• Exercise: Could you transcribe exactly the lines below, from the line with "This Vegetable Frittata" through the line with "Индукционная панель Weissgauff", and nothing else, leaving out the pictures?

*** Dataset entries ***

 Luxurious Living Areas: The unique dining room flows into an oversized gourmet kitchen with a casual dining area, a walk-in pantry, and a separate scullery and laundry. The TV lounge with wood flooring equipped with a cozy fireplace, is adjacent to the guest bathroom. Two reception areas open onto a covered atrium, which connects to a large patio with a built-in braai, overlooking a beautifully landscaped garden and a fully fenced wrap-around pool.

*** End of Dataset entries ***
*** Dataset entries ***

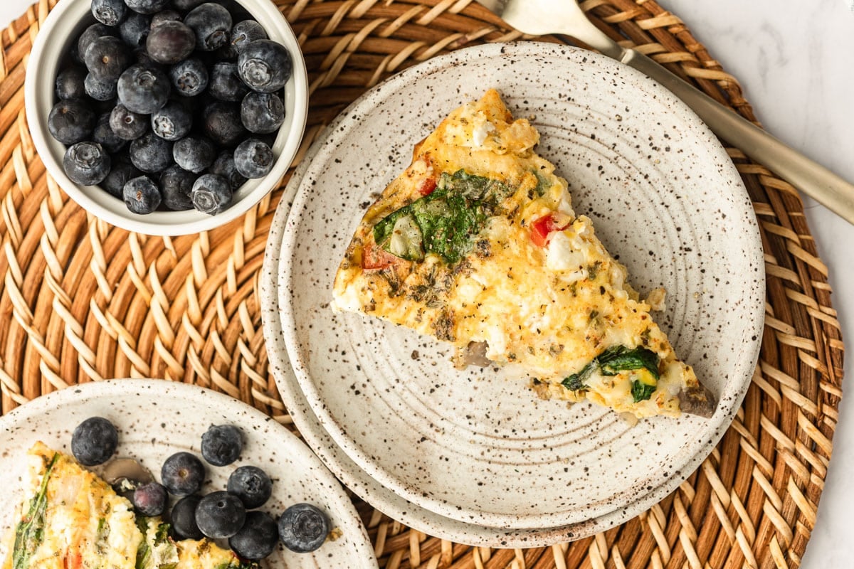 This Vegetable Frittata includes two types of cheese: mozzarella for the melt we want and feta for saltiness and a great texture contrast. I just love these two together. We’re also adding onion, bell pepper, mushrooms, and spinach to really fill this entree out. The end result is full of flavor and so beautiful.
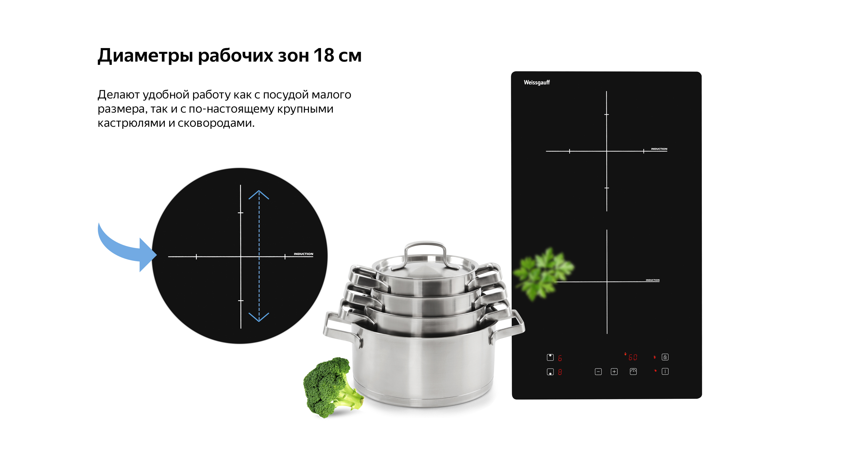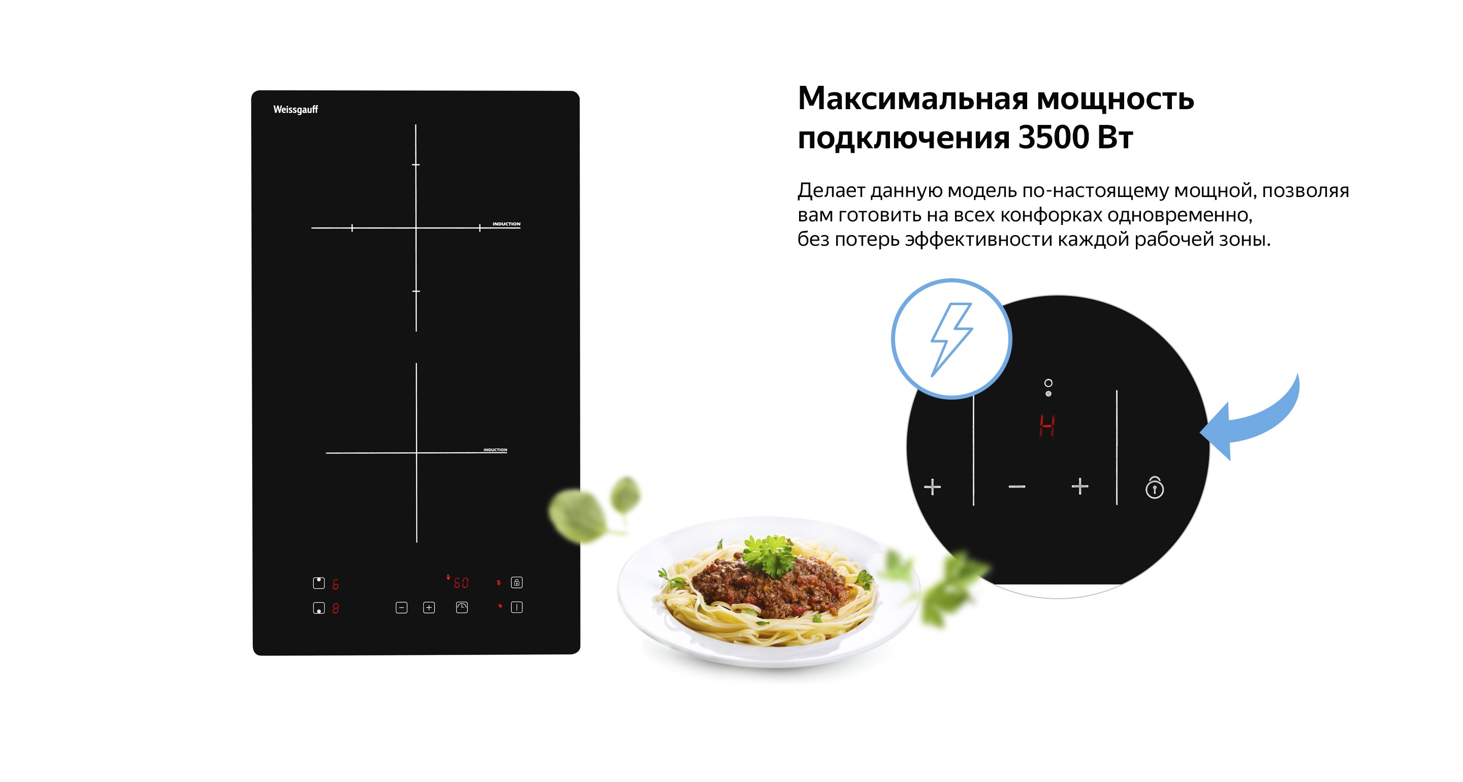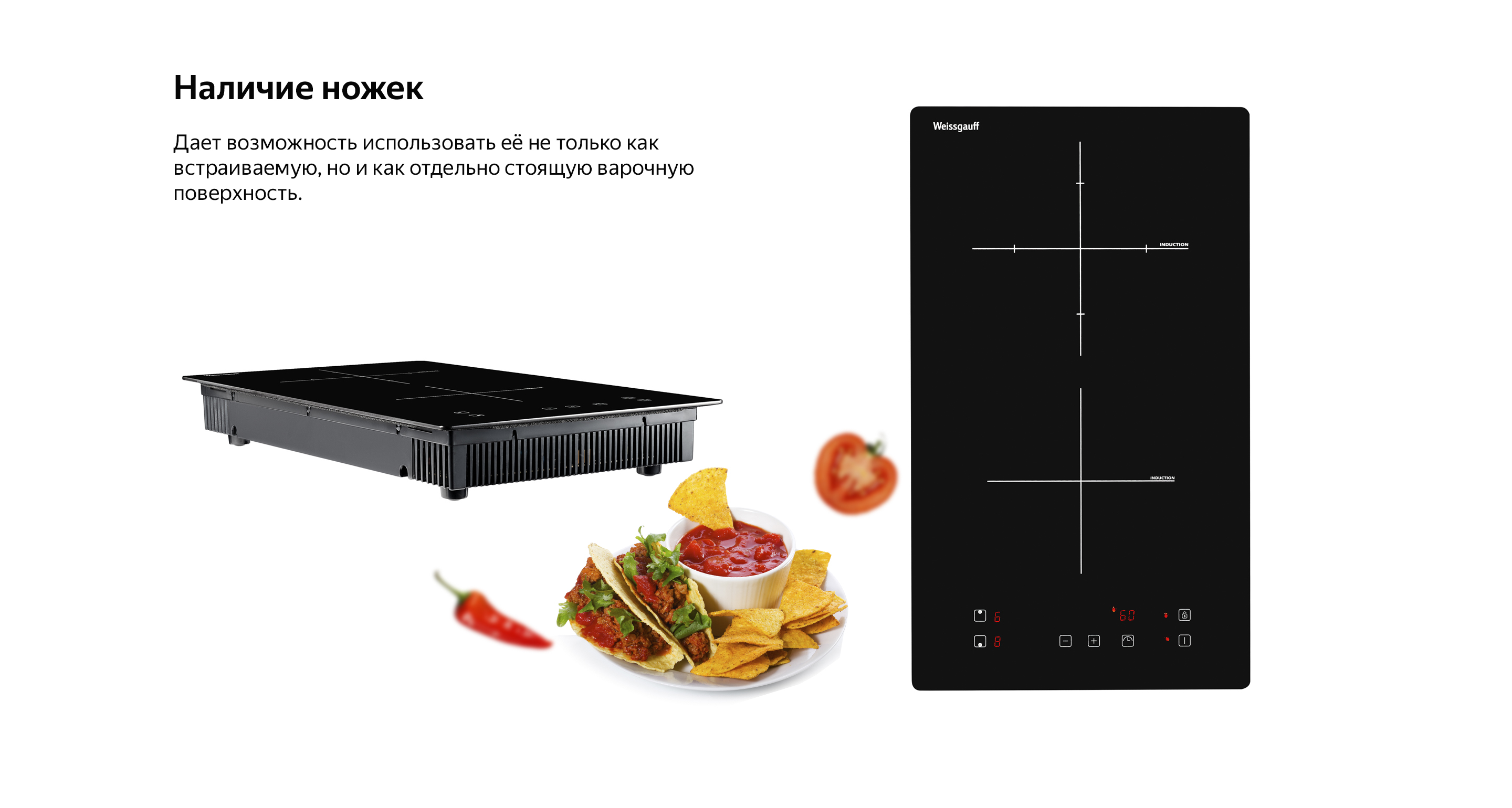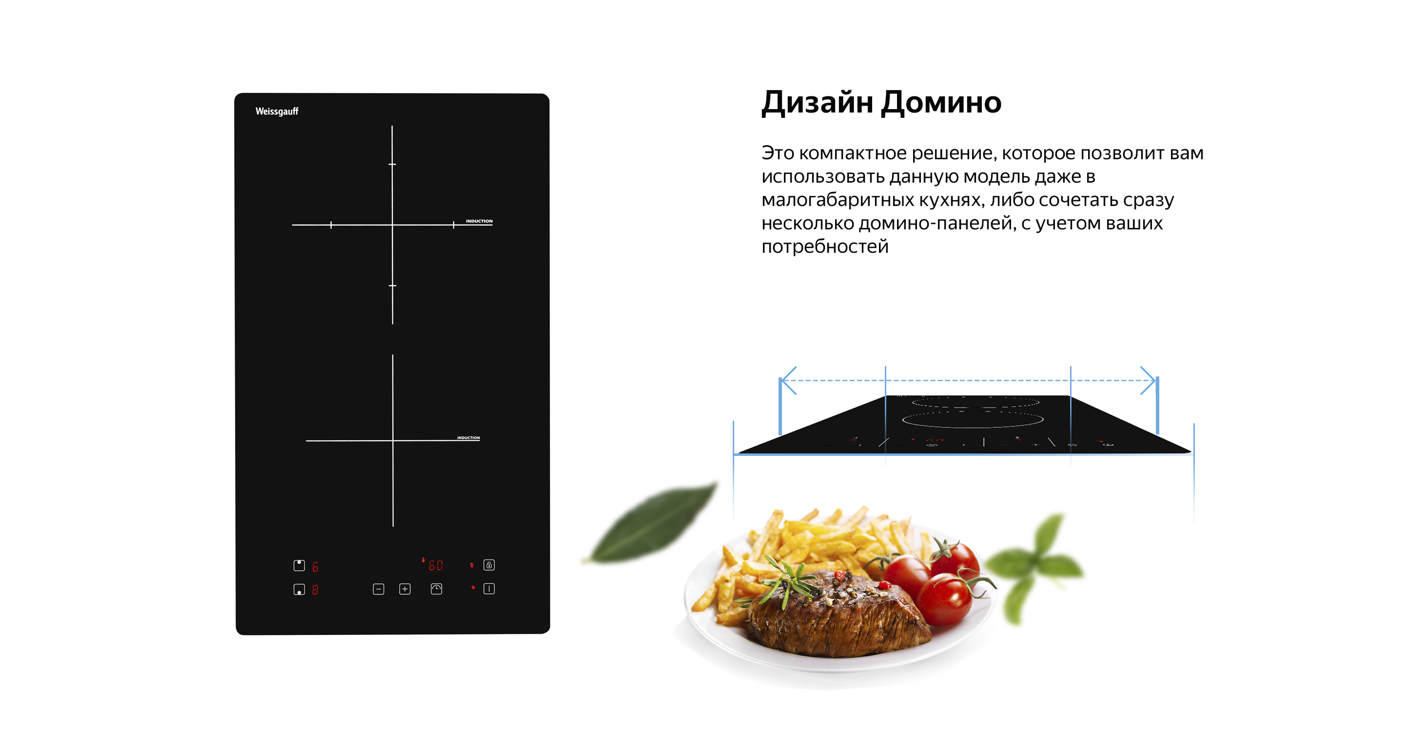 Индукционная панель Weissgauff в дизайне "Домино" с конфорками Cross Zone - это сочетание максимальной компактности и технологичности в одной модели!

*** End of Dataset entries ***

• Expected answer:
 This Vegetable Frittata includes two types of cheese: mozzarella for the melt we want and feta for saltiness and a great texture contrast. I just love these two together. We’re also adding onion, bell pepper, mushrooms, and spinach to really fill this entree out. The end result is full of flavor and so beautiful.
 Индукционная панель Weissgauff в дизайне "Домино" с конфорками Cross Zone - это сочетание максимальной компактности и технологичности в одной модели!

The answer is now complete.